▶ Action item
Here are the records. Write out exactly the lines between the one holding "You can also" and the one holding "Patterned with graphic", inclusive.

▶ Data
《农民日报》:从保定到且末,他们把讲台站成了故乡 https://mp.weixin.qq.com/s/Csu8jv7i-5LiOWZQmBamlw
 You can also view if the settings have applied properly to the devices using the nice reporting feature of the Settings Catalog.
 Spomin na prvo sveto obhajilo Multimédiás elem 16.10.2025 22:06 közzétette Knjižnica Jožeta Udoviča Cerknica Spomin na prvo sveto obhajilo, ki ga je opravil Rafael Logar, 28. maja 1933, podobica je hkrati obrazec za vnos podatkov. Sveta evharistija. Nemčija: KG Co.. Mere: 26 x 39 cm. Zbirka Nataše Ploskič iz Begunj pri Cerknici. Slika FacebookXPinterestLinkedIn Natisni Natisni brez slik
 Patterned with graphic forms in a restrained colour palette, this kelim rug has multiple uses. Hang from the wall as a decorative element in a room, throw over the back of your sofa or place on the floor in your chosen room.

--

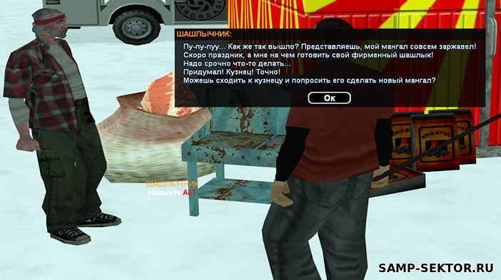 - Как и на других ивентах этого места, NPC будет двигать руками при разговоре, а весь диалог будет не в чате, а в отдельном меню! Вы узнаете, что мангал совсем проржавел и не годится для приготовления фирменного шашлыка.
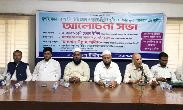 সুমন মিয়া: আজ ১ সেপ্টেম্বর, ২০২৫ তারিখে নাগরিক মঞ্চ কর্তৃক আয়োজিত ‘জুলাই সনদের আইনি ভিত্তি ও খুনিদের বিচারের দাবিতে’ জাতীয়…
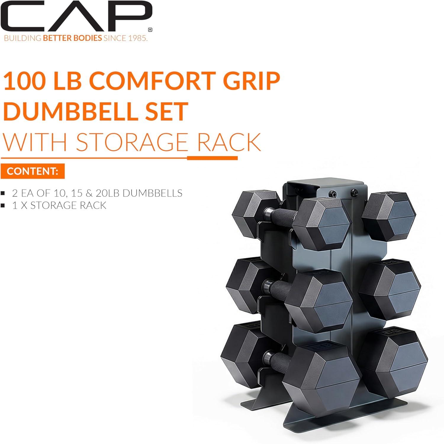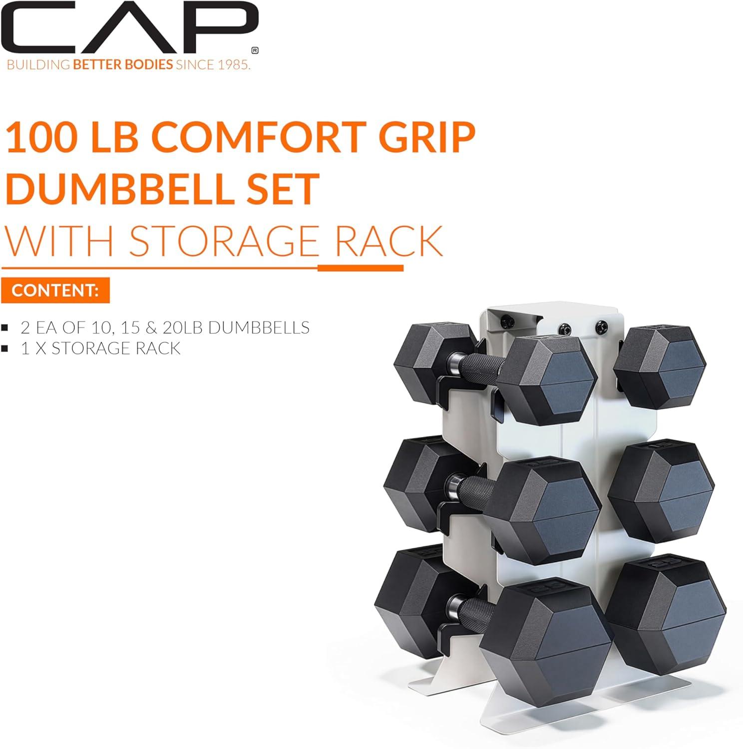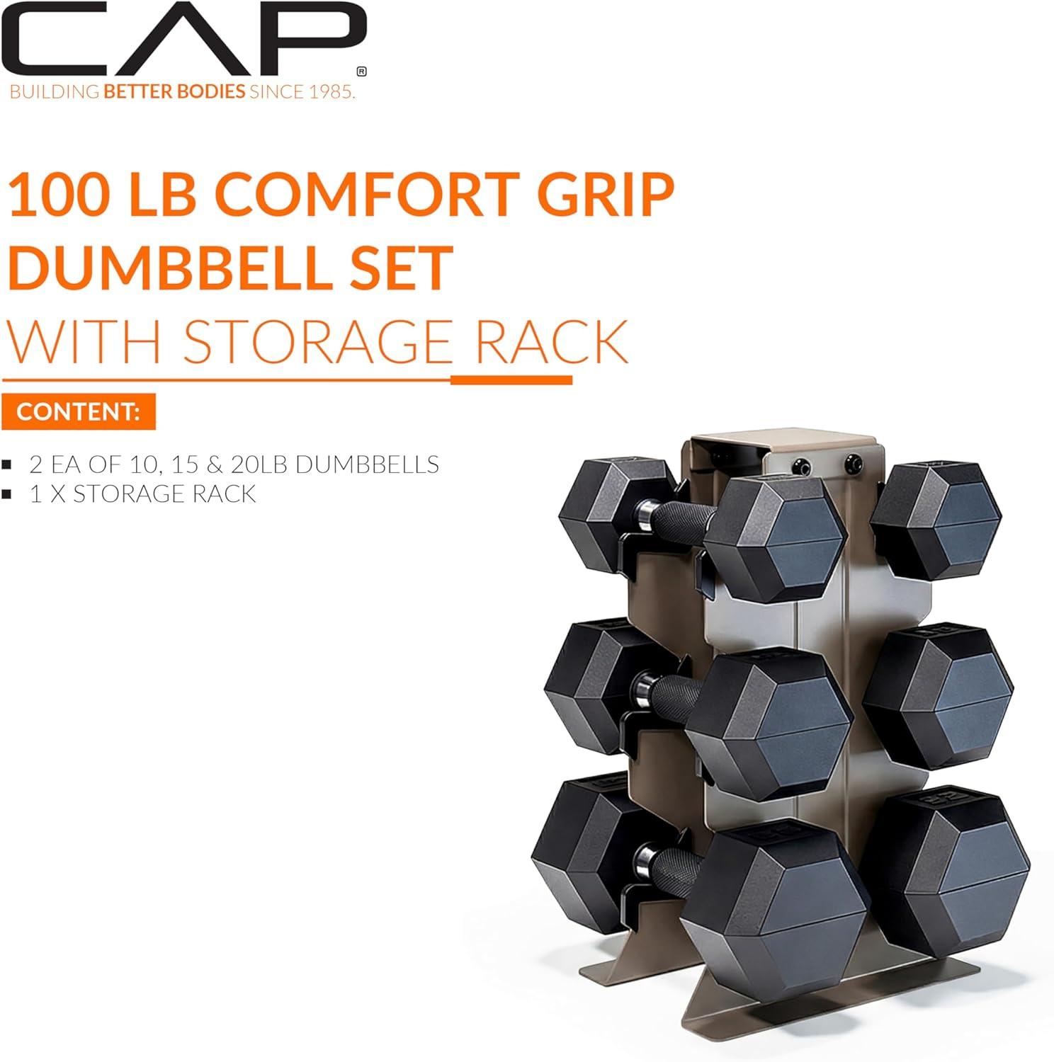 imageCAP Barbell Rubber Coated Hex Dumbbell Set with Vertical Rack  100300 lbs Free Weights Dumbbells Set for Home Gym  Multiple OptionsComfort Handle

▶ Output of the task
 You can also view if the settings have applied properly to the devices using the nice reporting feature of the Settings Catalog.
 Spomin na prvo sveto obhajilo Multimédiás elem 16.10.2025 22:06 közzétette Knjižnica Jožeta Udoviča Cerknica Spomin na prvo sveto obhajilo, ki ga je opravil Rafael Logar, 28. maja 1933, podobica je hkrati obrazec za vnos podatkov. Sveta evharistija. Nemčija: KG Co.. Mere: 26 x 39 cm. Zbirka Nataše Ploskič iz Begunj pri Cerknici. Slika FacebookXPinterestLinkedIn Natisni Natisni brez slik
 Patterned with graphic forms in a restrained colour palette, this kelim rug has multiple uses. Hang from the wall as a decorative element in a room, throw over the back of your sofa or place on the floor in your chosen room.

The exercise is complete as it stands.